For example, one of the things I learned about myself is that I’m pretty good at dealing with languages. Learning languages and grasping how they work comes relatively easy to me. Over the years, I have tried learning a number of languages. But in most cases that didn’t go anywhere because talent alone will not learn you a language. You will have to practice over and over again. That involves cramming vocabulary and grammar, listening to what a language sounds like, and trying to speak it. So I have a talent for languages, but I can only speak two because I have been too lazy to do all the work necessary to speak more.

On the other hand, I do not think that I have a talent for writing. I now am able to write reasonably well because I worked on it for many years, a process that entailed writing on a regular basis. Usually, writing is not something that I enjoy doing (I like it better than cramming vocabulary, though). But it’s a useful tool for me to do some of the things that I enjoy doing. For sure, it has given me deeper access to engaging with photography.

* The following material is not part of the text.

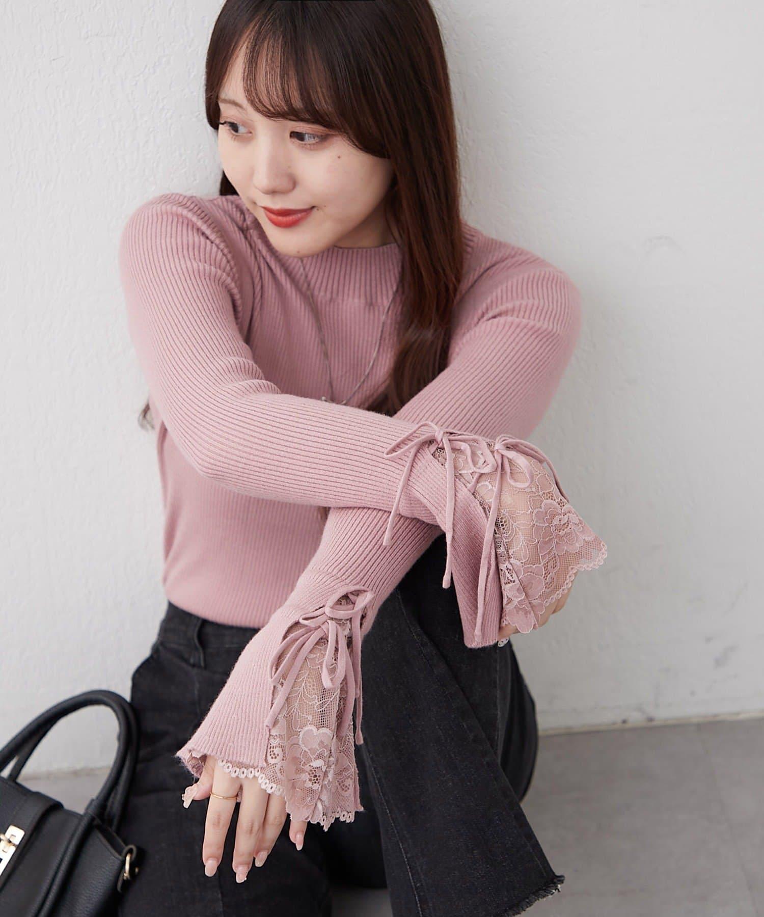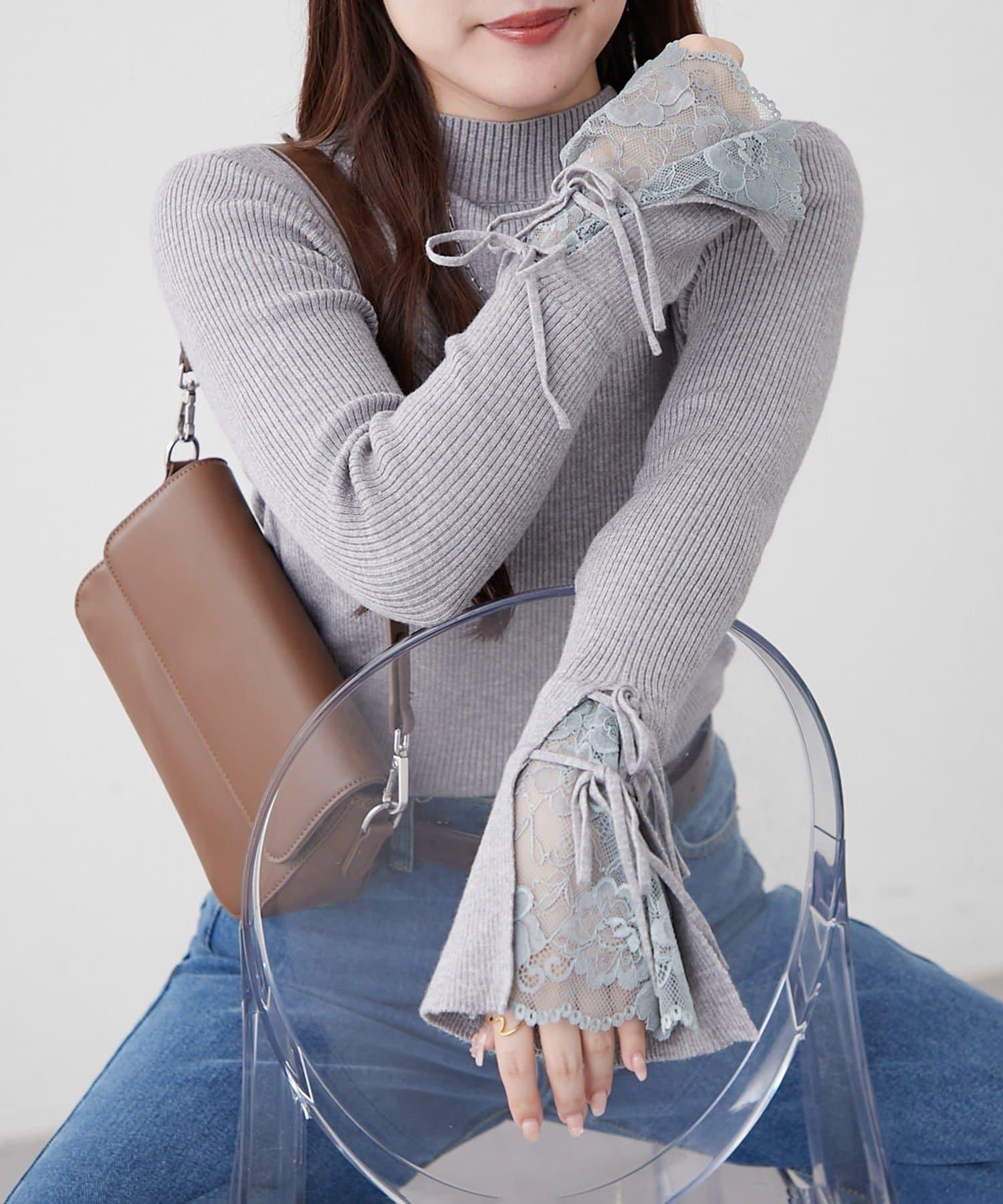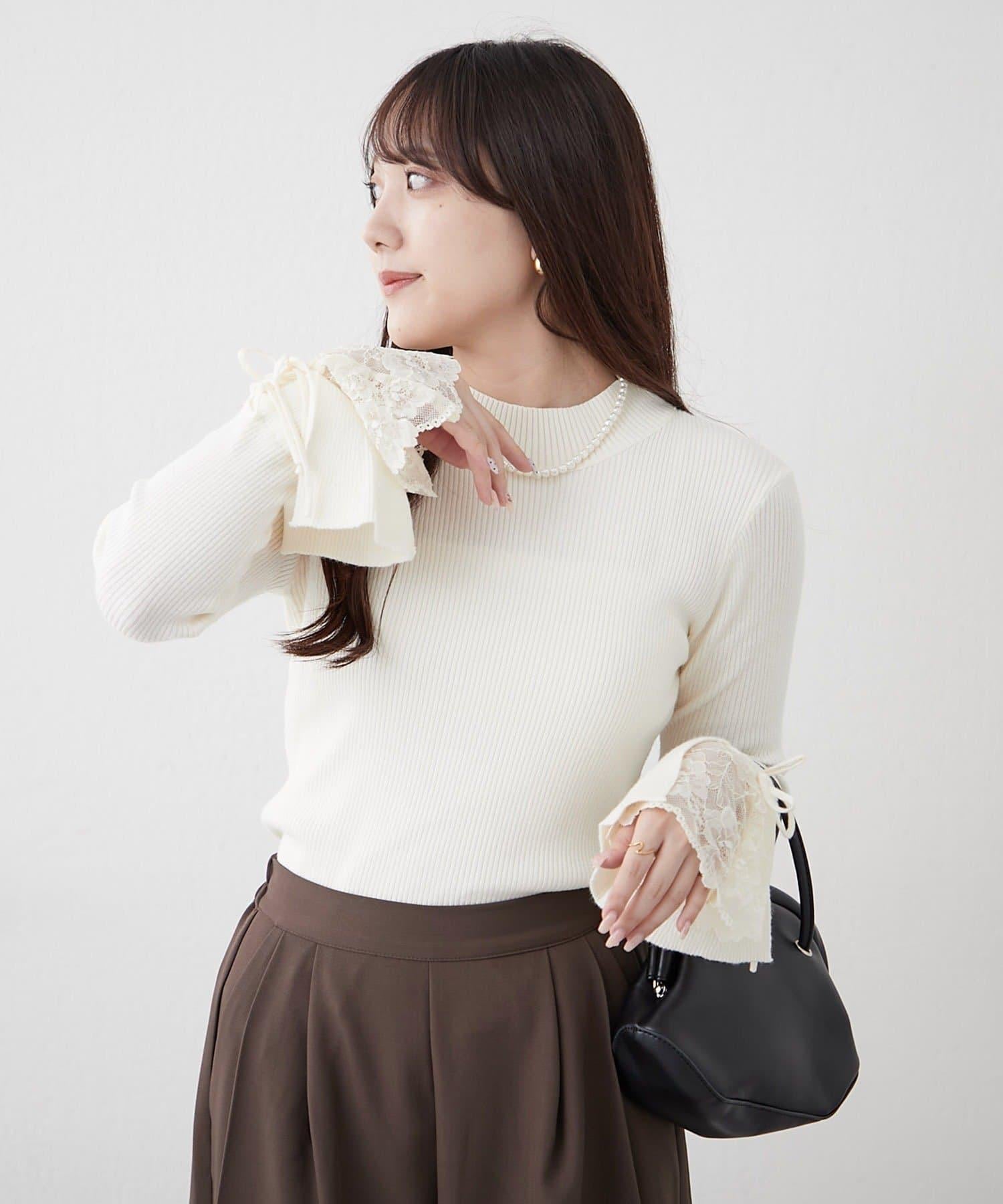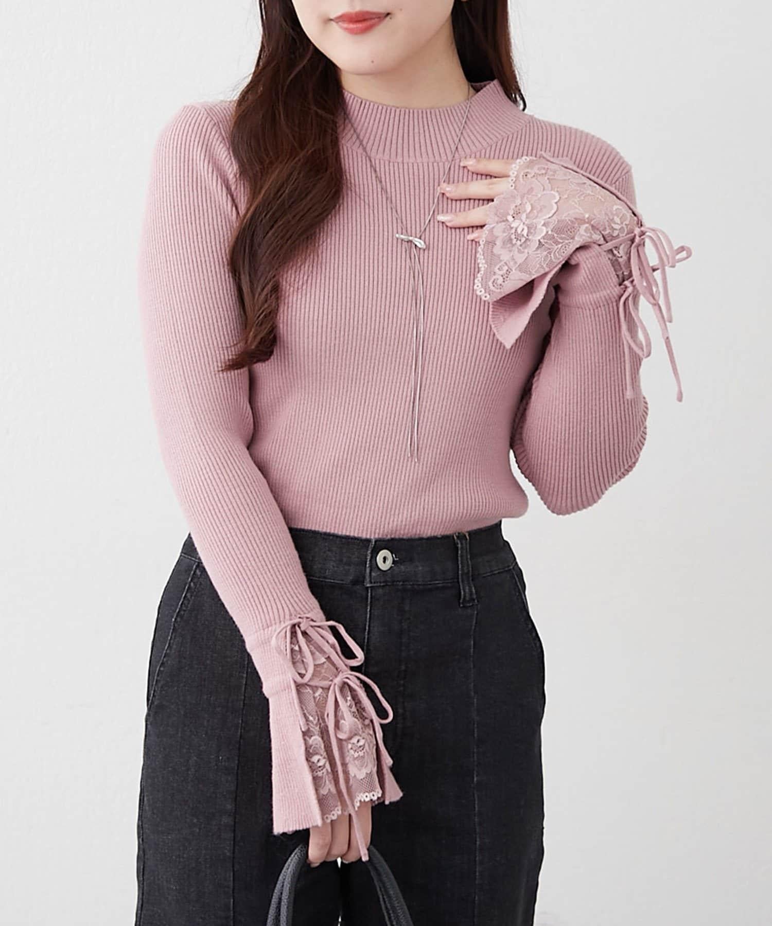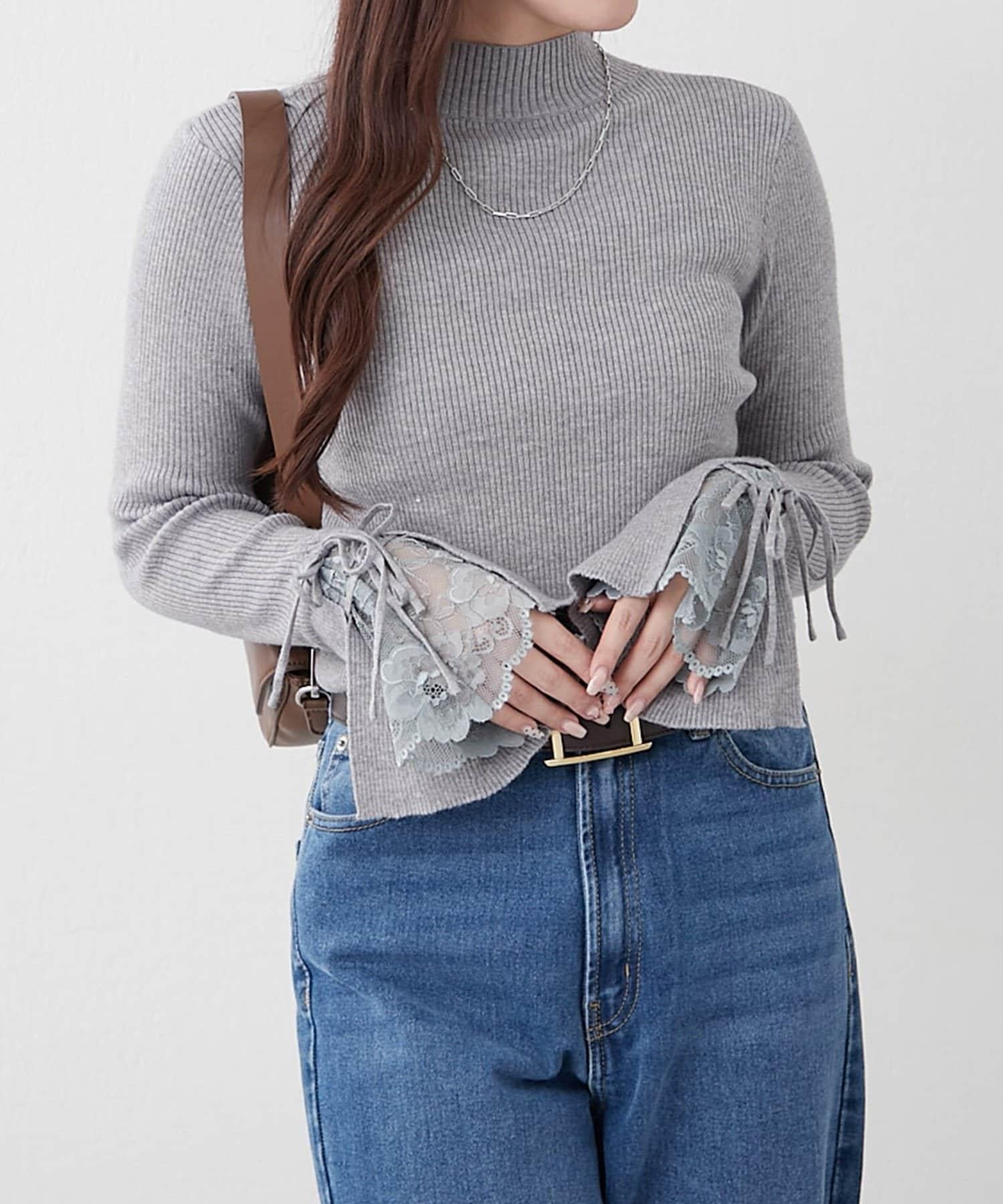 這款針織上衣的袖子上有可愛的蕾絲和絲帶。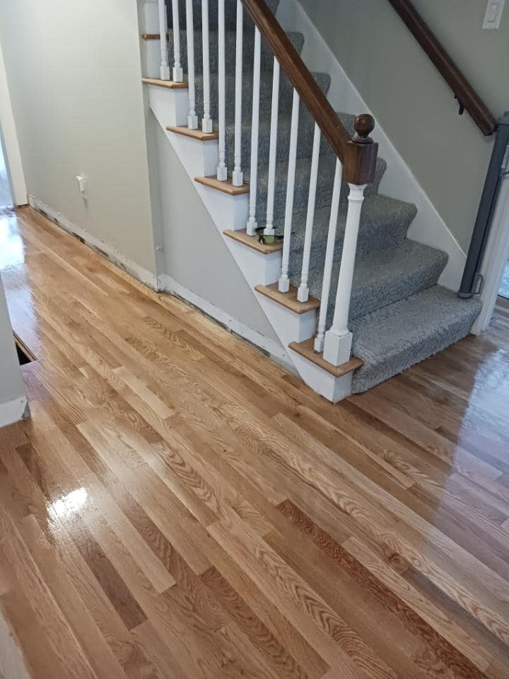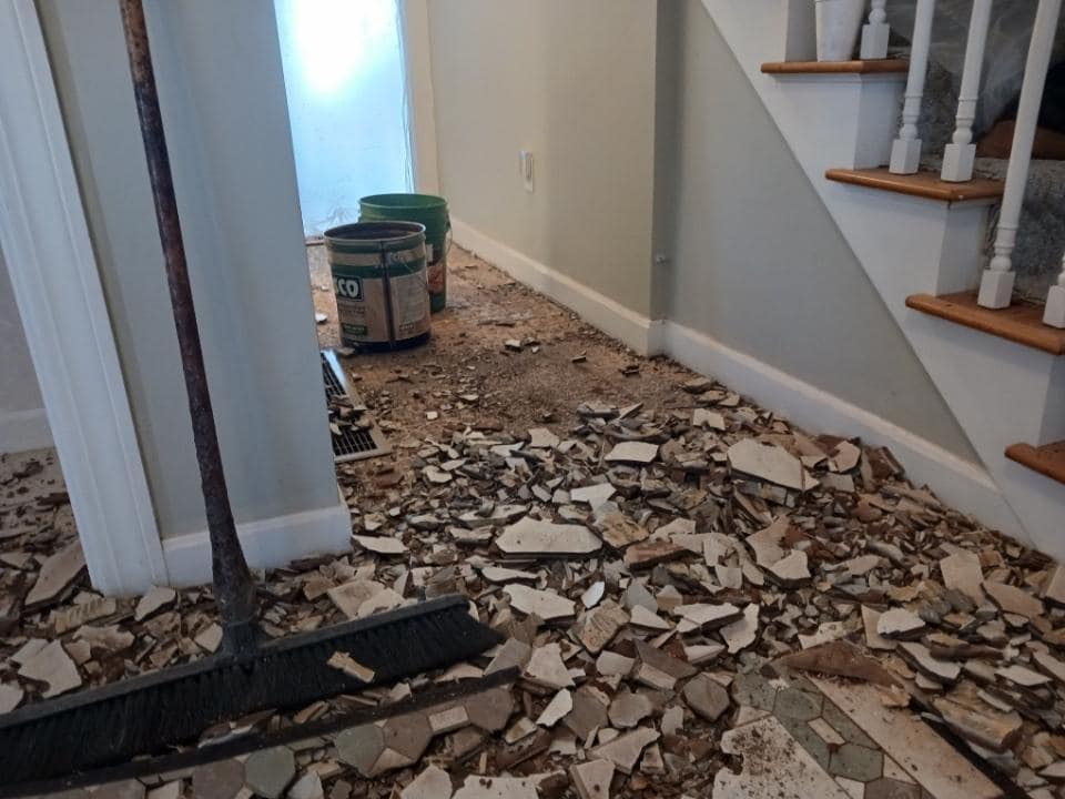 Below are some photos from January of this year of some tile floors we ripped out and replaced with New White Oak Hardwood!

Thus, even if you’re a very talented artist, your talent is not going to do much for you if you don’t put in all the other added work. For a photographer that means developing one’s skill set and engaging with the work: giving it that very hard look necessary to understand what it is doing and why the good pictures are better than the bad pictures.

One of the most crucial parts of understanding your work is the following realisation. There is where the work is coming from, and there is what it is about. Unless you’re a conceptual photographer, these two aspects are not necessarily identical. There can be some or considerable overlap, but there also might be no overlap. Understanding these two aspects is the crucial ingredient that will allow you to talk and write about your work.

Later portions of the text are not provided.